→ **WHAT YOU SHOULD DO**
Transcribe the data underneath exactly. No images belong in your version.
BEGIN RECORDED DATA
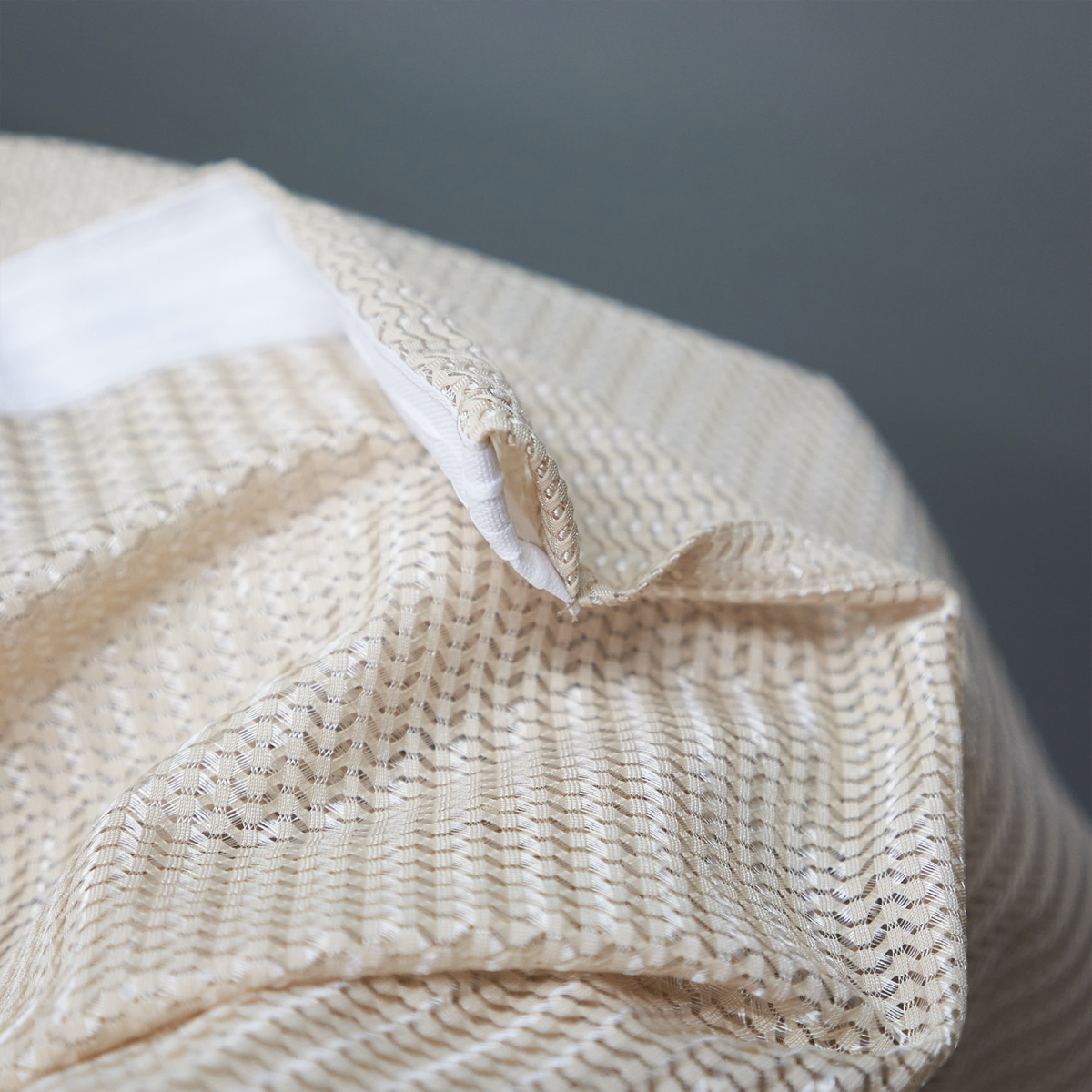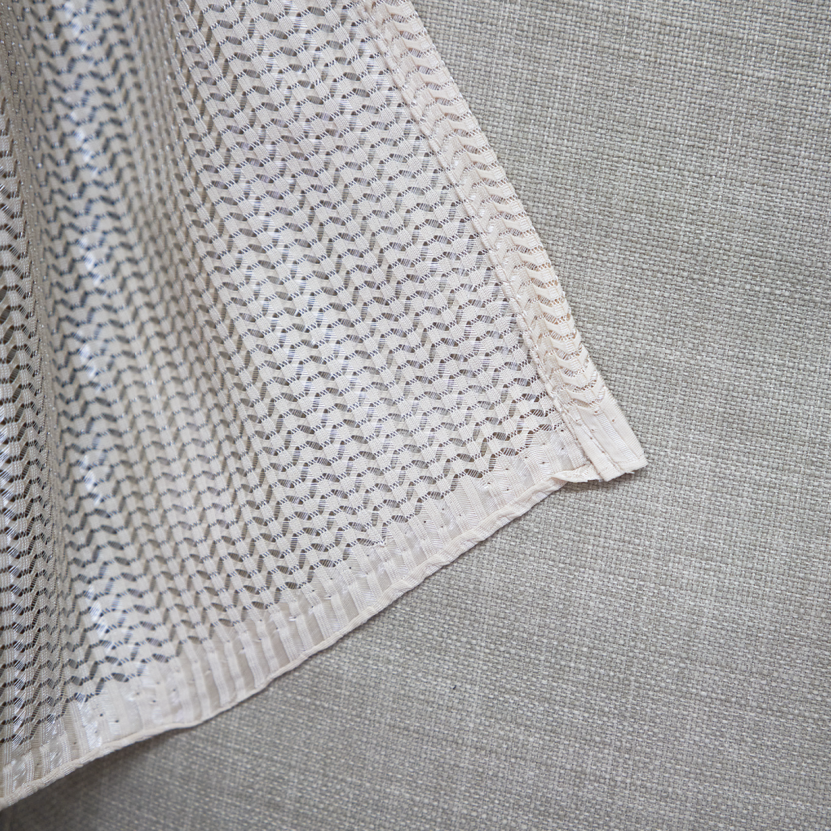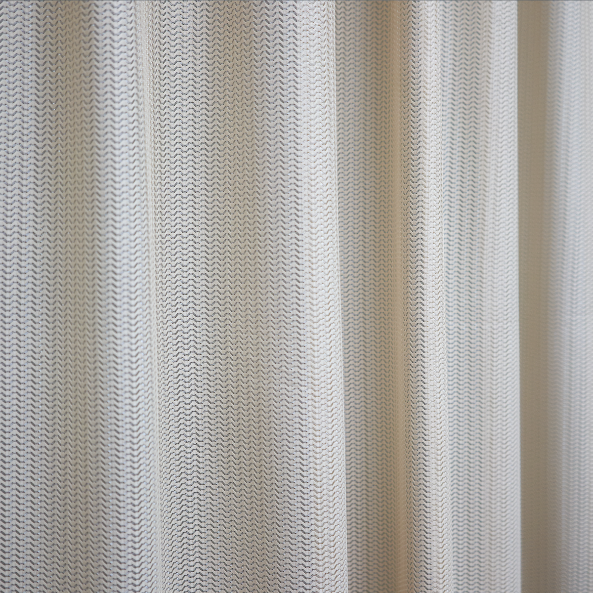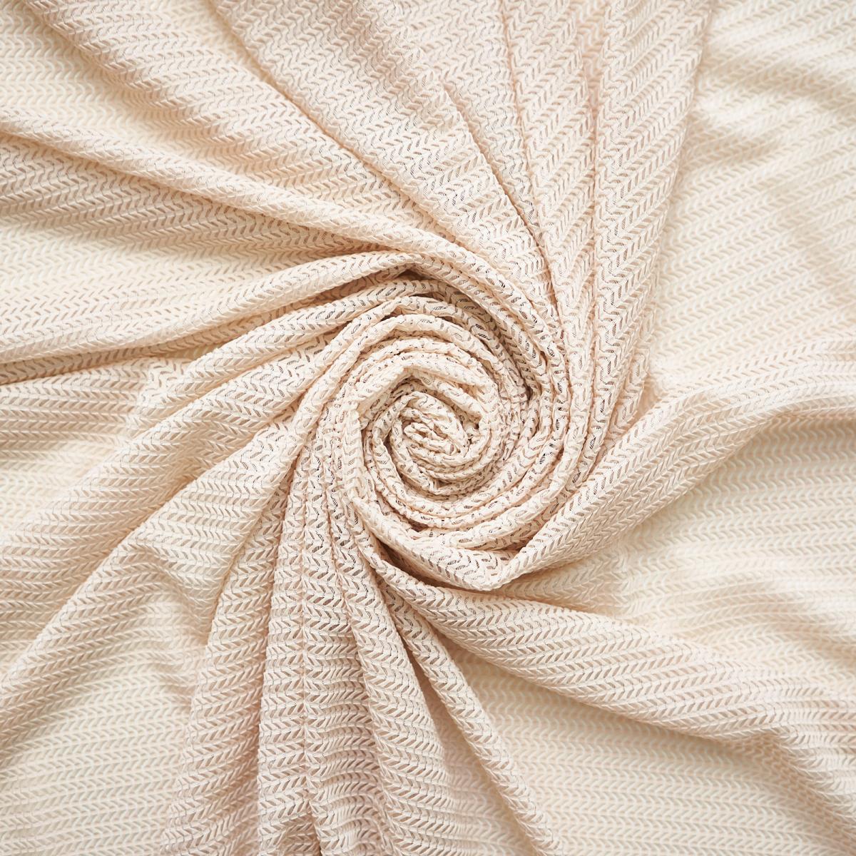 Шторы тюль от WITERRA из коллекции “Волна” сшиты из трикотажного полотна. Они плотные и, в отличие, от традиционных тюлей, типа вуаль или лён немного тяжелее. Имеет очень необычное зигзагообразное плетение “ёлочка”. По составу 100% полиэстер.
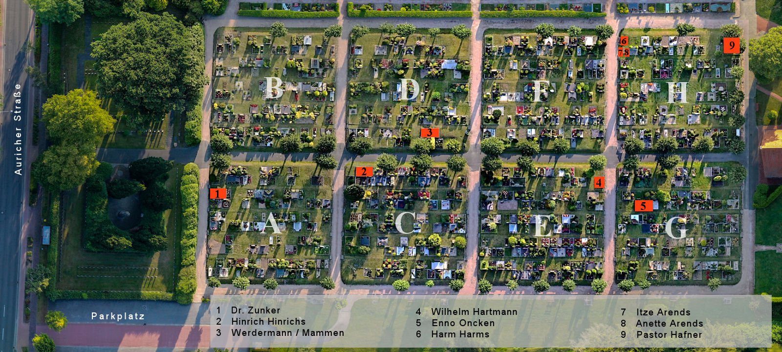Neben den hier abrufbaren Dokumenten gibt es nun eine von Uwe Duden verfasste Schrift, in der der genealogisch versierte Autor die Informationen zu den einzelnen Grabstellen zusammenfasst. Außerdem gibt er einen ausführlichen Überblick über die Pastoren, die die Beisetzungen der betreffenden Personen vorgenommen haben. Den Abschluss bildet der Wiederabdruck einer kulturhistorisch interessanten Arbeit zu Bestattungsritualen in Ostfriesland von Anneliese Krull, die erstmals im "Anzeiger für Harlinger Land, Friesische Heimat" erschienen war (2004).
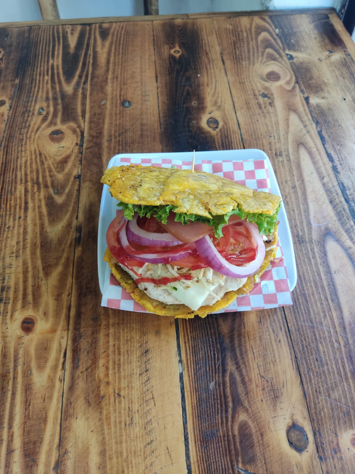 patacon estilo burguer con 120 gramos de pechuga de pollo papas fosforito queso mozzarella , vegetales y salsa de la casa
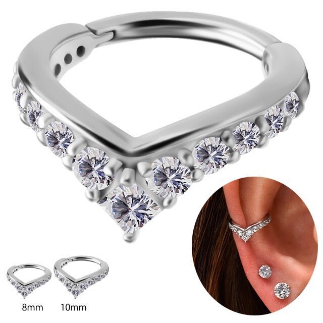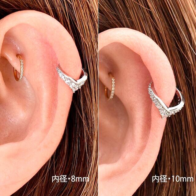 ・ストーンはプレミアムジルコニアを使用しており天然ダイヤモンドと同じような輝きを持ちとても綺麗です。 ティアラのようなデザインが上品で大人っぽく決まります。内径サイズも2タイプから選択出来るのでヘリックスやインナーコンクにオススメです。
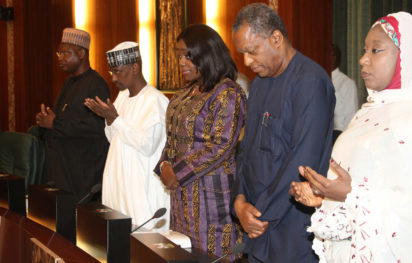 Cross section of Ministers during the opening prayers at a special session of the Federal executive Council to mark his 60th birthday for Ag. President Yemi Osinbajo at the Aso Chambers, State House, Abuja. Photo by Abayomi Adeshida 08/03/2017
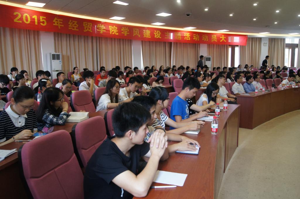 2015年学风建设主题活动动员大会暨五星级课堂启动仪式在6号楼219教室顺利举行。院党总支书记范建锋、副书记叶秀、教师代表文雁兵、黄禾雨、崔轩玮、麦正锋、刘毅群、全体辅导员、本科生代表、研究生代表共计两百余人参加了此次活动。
END RECORDED DATA
→ **EXERCISE OUTPUT**
 Шторы тюль от WITERRA из коллекции “Волна” сшиты из трикотажного полотна. Они плотные и, в отличие, от традиционных тюлей, типа вуаль или лён немного тяжелее. Имеет очень необычное зигзагообразное плетение “ёлочка”. По составу 100% полиэстер.
Neben den hier abrufbaren Dokumenten gibt es nun eine von Uwe Duden verfasste Schrift, in der der genealogisch versierte Autor die Informationen zu den einzelnen Grabstellen zusammenfasst. Außerdem gibt er einen ausführlichen Überblick über die Pastoren, die die Beisetzungen der betreffenden Personen vorgenommen haben. Den Abschluss bildet der Wiederabdruck einer kulturhistorisch interessanten Arbeit zu Bestattungsritualen in Ostfriesland von Anneliese Krull, die erstmals im "Anzeiger für Harlinger Land, Friesische Heimat" erschienen war (2004).
 patacon estilo burguer con 120 gramos de pechuga de pollo papas fosforito queso mozzarella , vegetales y salsa de la casa
 ・ストーンはプレミアムジルコニアを使用しており天然ダイヤモンドと同じような輝きを持ちとても綺麗です。 ティアラのようなデザインが上品で大人っぽく決まります。内径サイズも2タイプから選択出来るのでヘリックスやインナーコンクにオススメです。
 Cross section of Ministers during the opening prayers at a special session of the Federal executive Council to mark his 60th birthday for Ag. President Yemi Osinbajo at the Aso Chambers, State House, Abuja. Photo by Abayomi Adeshida 08/03/2017
 2015年学风建设主题活动动员大会暨五星级课堂启动仪式在6号楼219教室顺利举行。院党总支书记范建锋、副书记叶秀、教师代表文雁兵、黄禾雨、崔轩玮、麦正锋、刘毅群、全体辅导员、本科生代表、研究生代表共计两百余人参加了此次活动。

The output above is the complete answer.